(Available data)

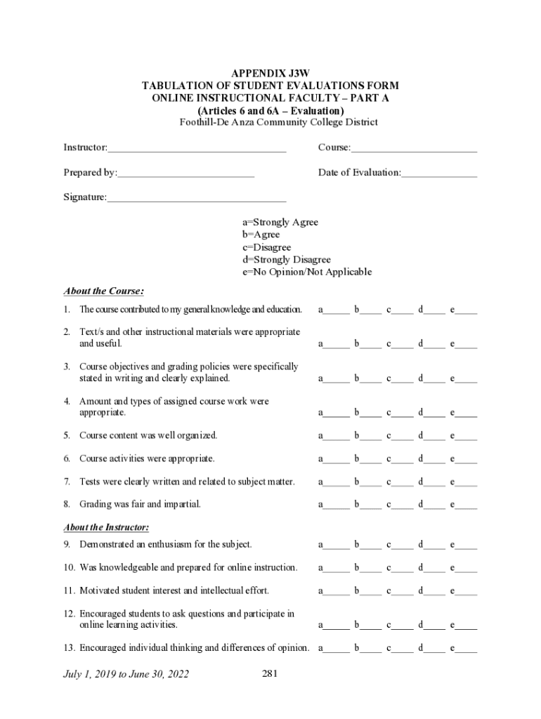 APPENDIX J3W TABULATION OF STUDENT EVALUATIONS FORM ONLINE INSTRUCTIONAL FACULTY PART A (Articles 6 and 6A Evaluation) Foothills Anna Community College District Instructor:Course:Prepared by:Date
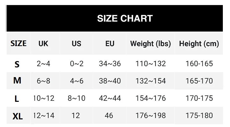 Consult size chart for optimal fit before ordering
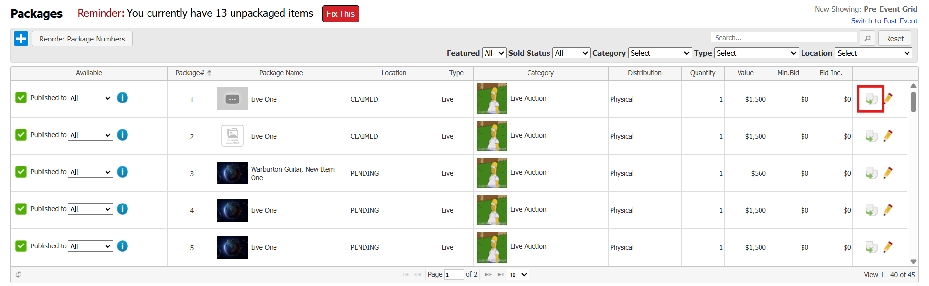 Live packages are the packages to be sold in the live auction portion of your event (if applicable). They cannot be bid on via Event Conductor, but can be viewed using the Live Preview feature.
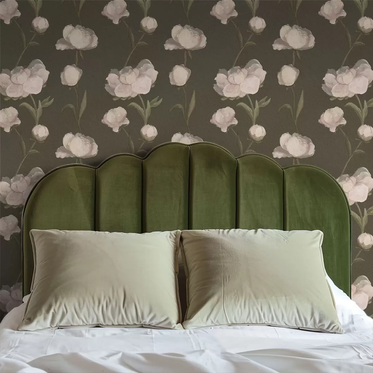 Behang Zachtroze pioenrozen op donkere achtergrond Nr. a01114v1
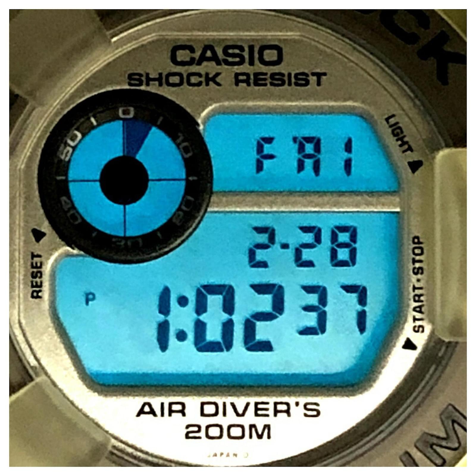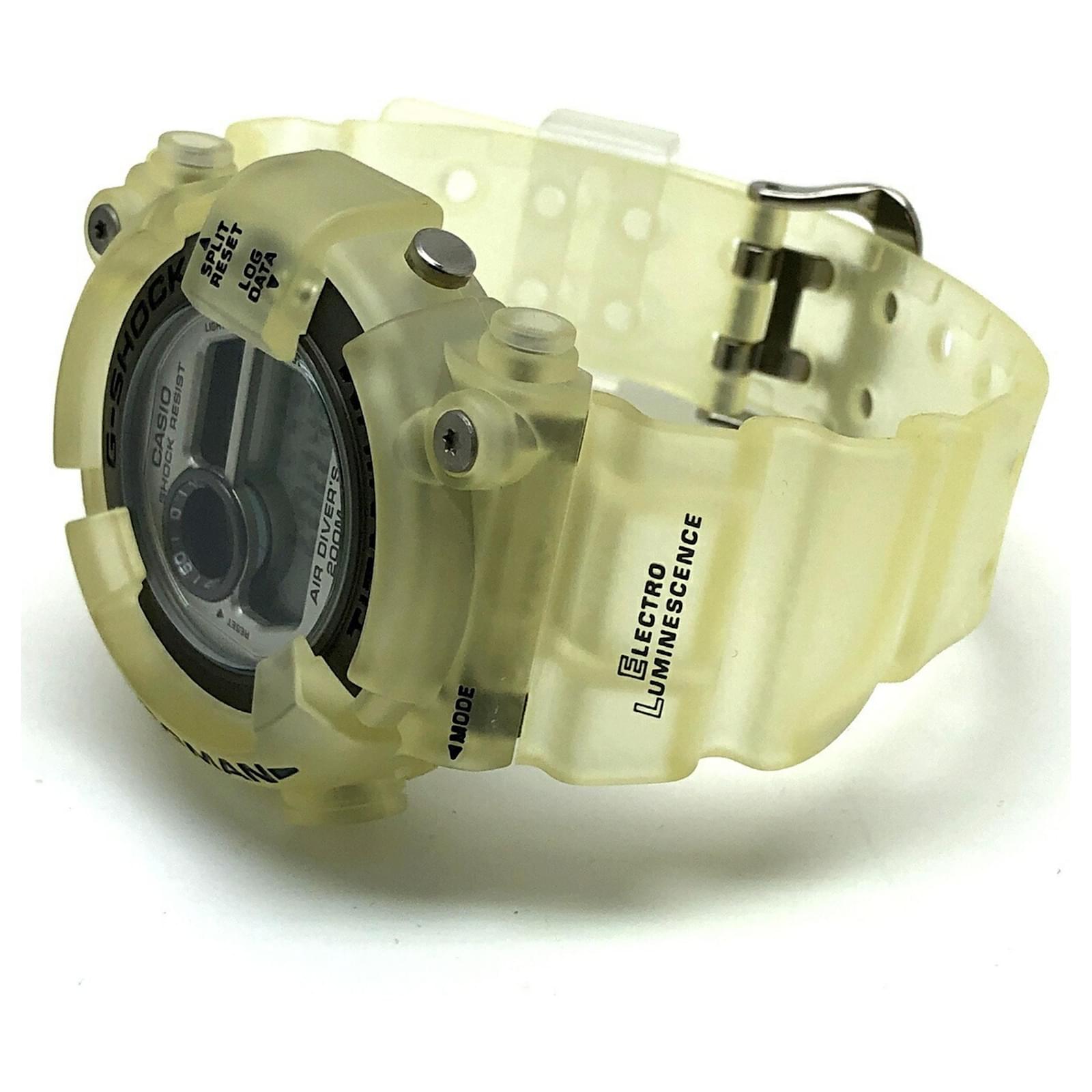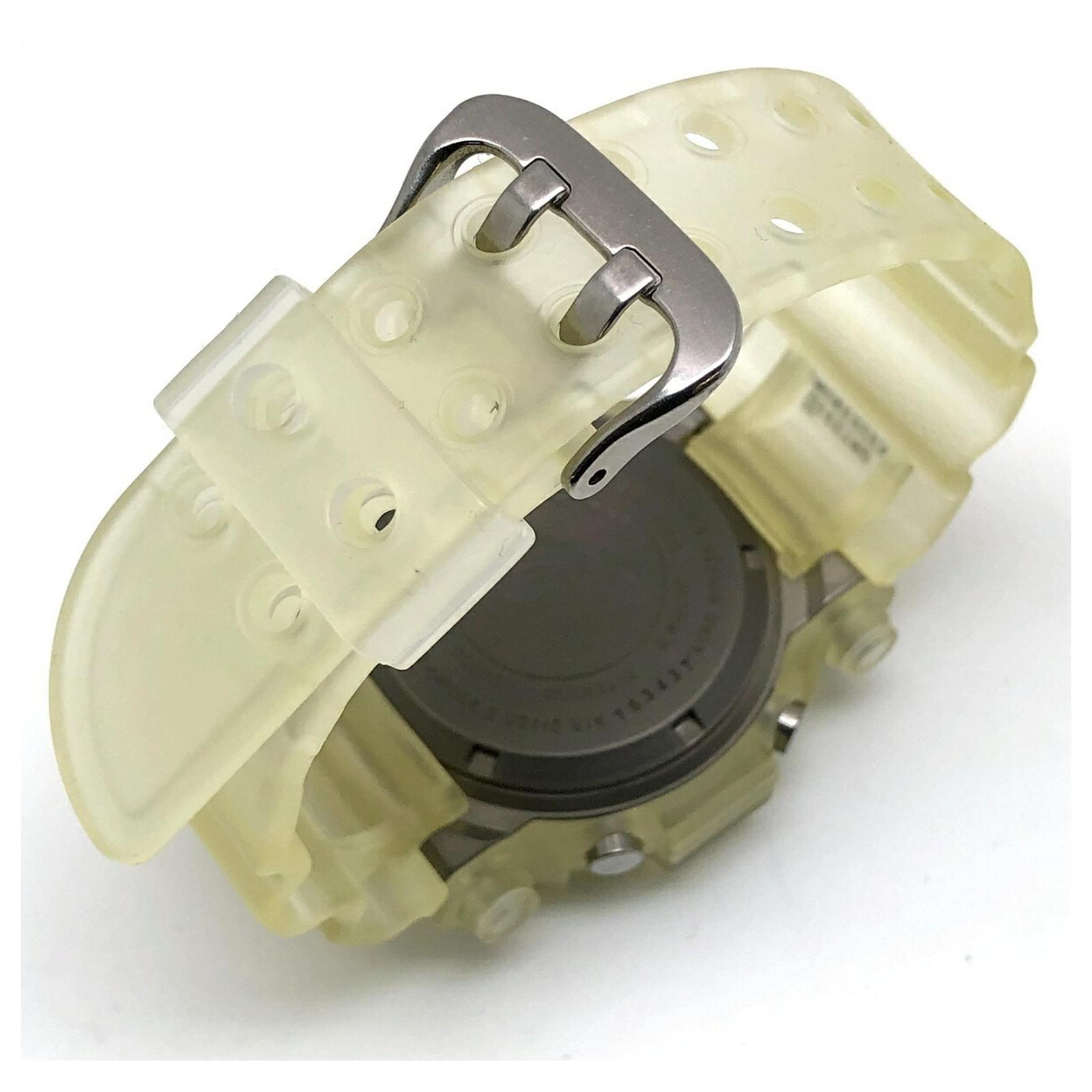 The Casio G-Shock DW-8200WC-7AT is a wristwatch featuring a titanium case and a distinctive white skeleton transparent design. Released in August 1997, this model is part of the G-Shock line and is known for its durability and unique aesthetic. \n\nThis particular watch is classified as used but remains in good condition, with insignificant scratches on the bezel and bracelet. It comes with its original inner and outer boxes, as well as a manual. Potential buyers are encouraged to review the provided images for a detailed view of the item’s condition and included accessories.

(End Available data)

Exercise details
Transcribe the entries above verbatim, omitting their pictures.

Answer box
 APPENDIX J3W TABULATION OF STUDENT EVALUATIONS FORM ONLINE INSTRUCTIONAL FACULTY PART A (Articles 6 and 6A Evaluation) Foothills Anna Community College District Instructor:Course:Prepared by:Date
 Consult size chart for optimal fit before ordering
 Live packages are the packages to be sold in the live auction portion of your event (if applicable). They cannot be bid on via Event Conductor, but can be viewed using the Live Preview feature.
 Behang Zachtroze pioenrozen op donkere achtergrond Nr. a01114v1
 The Casio G-Shock DW-8200WC-7AT is a wristwatch featuring a titanium case and a distinctive white skeleton transparent design. Released in August 1997, this model is part of the G-Shock line and is known for its durability and unique aesthetic. \n\nThis particular watch is classified as used but remains in good condition, with insignificant scratches on the bezel and bracelet. It comes with its original inner and outer boxes, as well as a manual. Potential buyers are encouraged to review the provided images for a detailed view of the item’s condition and included accessories.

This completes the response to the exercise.